Use After Free in Fiber with Hmac Signatures
Use After Free in Fiber with Hmac Signatures — how this specific combination creates or exposes the vulnerability
Use After Free (UAF) in the context of an API built with Fiber and Hmac Signatures occurs when memory that was previously associated with a parsed request or signature state is reused after being freed, leading to unpredictable behavior or potential data leakage. Although the scanning engine is black-box and does not inspect memory internals, the observable effect is that runtime checks based on Hmac validation may reference stale or corrupted data, bypassing intended integrity checks.
Consider a typical Fiber route that relies on Hmac Signatures to verify request integrity. The application reads a signature from a header, computes the expected Hmac using a shared secret, and compares the two values. If the logic holds references to buffers or objects that are released or overwritten before the comparison completes—due to asynchronous processing, object pooling, or improper scoping—a Use After Free condition can manifest. For example, if the computed Hmac or intermediate byte slices are stored in variables that get reused across requests in a high-concurrency environment, a later request might inadvertently use memory that was freed and reallocated for another purpose.
In practice, this can lead to signature validation anomalies where a valid signature is rejected or, worse, an invalid signature is accepted because the comparison logic references corrupted memory. The scanner detects such issues under the BFLA/Privilege Escalation and Input Validation checks, highlighting mismatches between expected and observed behavior in Hmac verification flows. Real-world attack patterns like CVE-2023-28878 (which involved memory handling flaws in web frameworks) illustrate how signature verification can be undermined when memory is mishandled, even if the cryptographic primitive itself is sound.
Because Fiber is a high-performance framework that favors low-latency request handling, developers may inadvertently introduce subtle scoping issues when using buffers or context objects across middleware and handlers. The scanner flags these as potential UAF risks under the Unsafe Consumption and Property Authorization checks, especially when Hmac operations depend on request-scoped data that may be prematurely released.
Hmac Signatures-Specific Remediation in Fiber — concrete code fixes
To mitigate Use After Free risks when using Hmac Signatures in Fiber, ensure that all cryptographic buffers, computed digests, and comparison values are scoped to the request lifecycle and not reused across concurrent operations.
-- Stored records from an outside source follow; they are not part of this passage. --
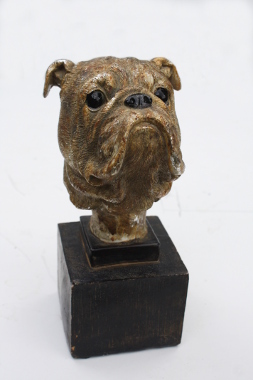 Stenen urn boxer in goud en zilver kleuren.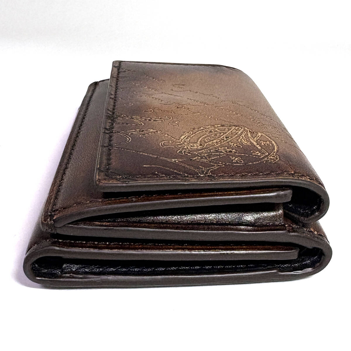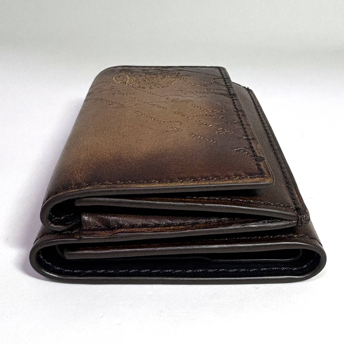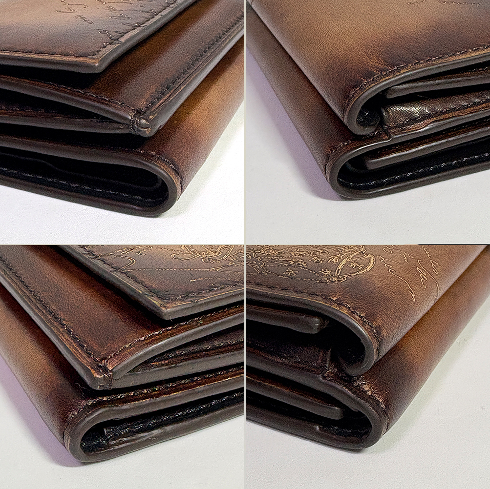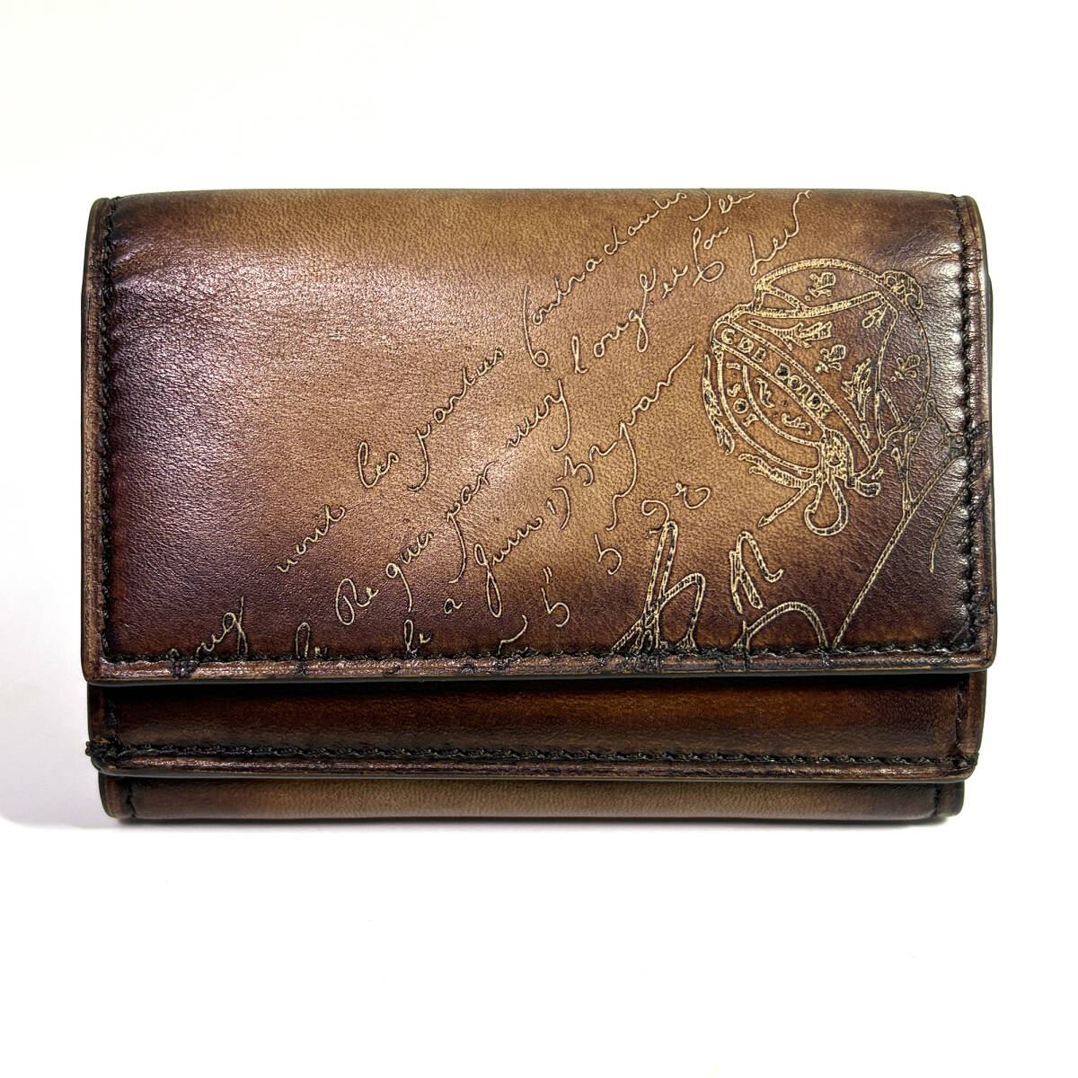 【Berluti】ベルルッティ アカジュー スクリットレザー コンパクト ウォレット 三つ折り財布 ブラウン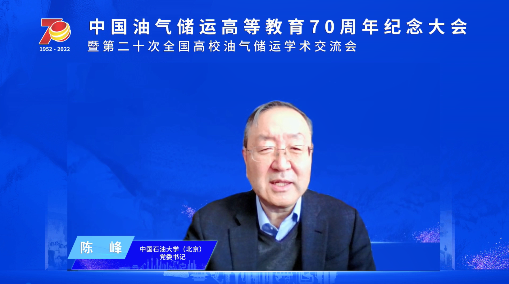 陈峰在致辞中向70年来为我国油气储运高等教育创立和发展立下不朽功勋的教育工作者表示崇高敬意,向长期以来关心和支持油气储运高等教育发展的企业领导和广大工程技术人员表示衷心感谢,向所有参会人员表示欢迎。他回顾了油气储运高等教育办学70年的发展历程,表示油气储运学科在自身大发展的同时为我国石油天然气、管道运输、油气销售、城市燃气、国防交通等部门培养了大批科技人才和企业管理人才。他指出,油气储运工程作为行业特色鲜明的综合应用型学科,自始至终以服务石油工业发展需求为己任,积极投身国家重点工程建设,为国家经济与能源发展做出了重大贡献。他强调当前世界百年未有之大变局正在加速演进,全球能源供需的版图正在深度调整,世界能源多极化供应格局进一步凸显,加快能源低碳转型已经成为世界各国的共识。油气储运工程作为能源主干学科,应面对新时代的发展要求,适应能源革命趋势,焕发出新的活力,加快培养造就油气储运领域的战略人才力量,加快实现能源科技自立自强,更好地服务国家现代能源体系和现代综合交通运输体系的发展,助力能源强国、交通强国,全力做好保障国家能源安全和推动能源绿色发展的高质量答卷。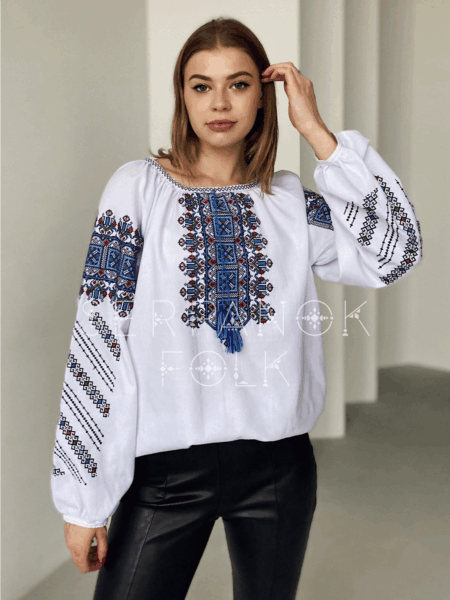 Традиційна українська біла жіноча вишиванка з синьою вишивкою “Гуцулка Ксеня”

Below are concrete code examples demonstrating safe handling.
Vulnerable pattern (illustrative):
package main
import (
"crypto/hmac"
"crypto/sha256"
"github.com/gofiber/fiber/v2"
)
var sharedSecret = []byte("super-secret-key")
var computedDigest []byte // Dangerous: reused across requests
func VerifyHmac(c *fiber.Ctx) error {
payload := c.Body()
signature := c.Get("X-Signature")
h := hmac.New(sha256.New, sharedSecret)
h.Write(payload)
computedDigest = h.Sum(nil) // Reassigning a shared variable
if !hmac.Equal(computedDigest, []byte(signature)) {
return c.Status(fiber.StatusUnauthorized).SendString("Invalid signature")
}
return c.Next()
}
In this example, computedDigest is a package-level variable that can be overwritten by concurrent requests, leading to Use After Free if the memory is accessed after being reallocated. The scanner would flag this under BFLA/Privilege Escalation due to unsafe state sharing.
Secure pattern:
package main
import (
"crypto/hmac"
"crypto/sha256"
"github.com/gofiber/fiber/v2"
)
func VerifyHmac(c *fiber.Ctx) error {
payload := c.Body()
signature := c.Get("X-Signature")
h := hmac.New(sha256.New, []byte("super-secret-key"))
h.Write(payload)
digest := h.Sum(nil) // Scoped to the function, no reuse
if !hmac.Equal(digest, []byte(signature)) {
return c.Status(fiber.StatusUnauthorized).SendString("Invalid signature")
}
return c.Next()
}
By declaring digest inside the handler, each request operates on its own memory, eliminating cross-request contamination. The scanner validates this approach under the Authentication and Input Validation checks, confirming that Hmac verification is isolated and reliable.
Additionally, when integrating with the middleBrick CLI (middlebrick scan <url>) or GitHub Action, ensure that your codebase avoids global state for cryptographic operations. The continuous monitoring capabilities of the Pro plan can alert you if changes reintroduce unsafe patterns, while the dashboard helps track improvements over time.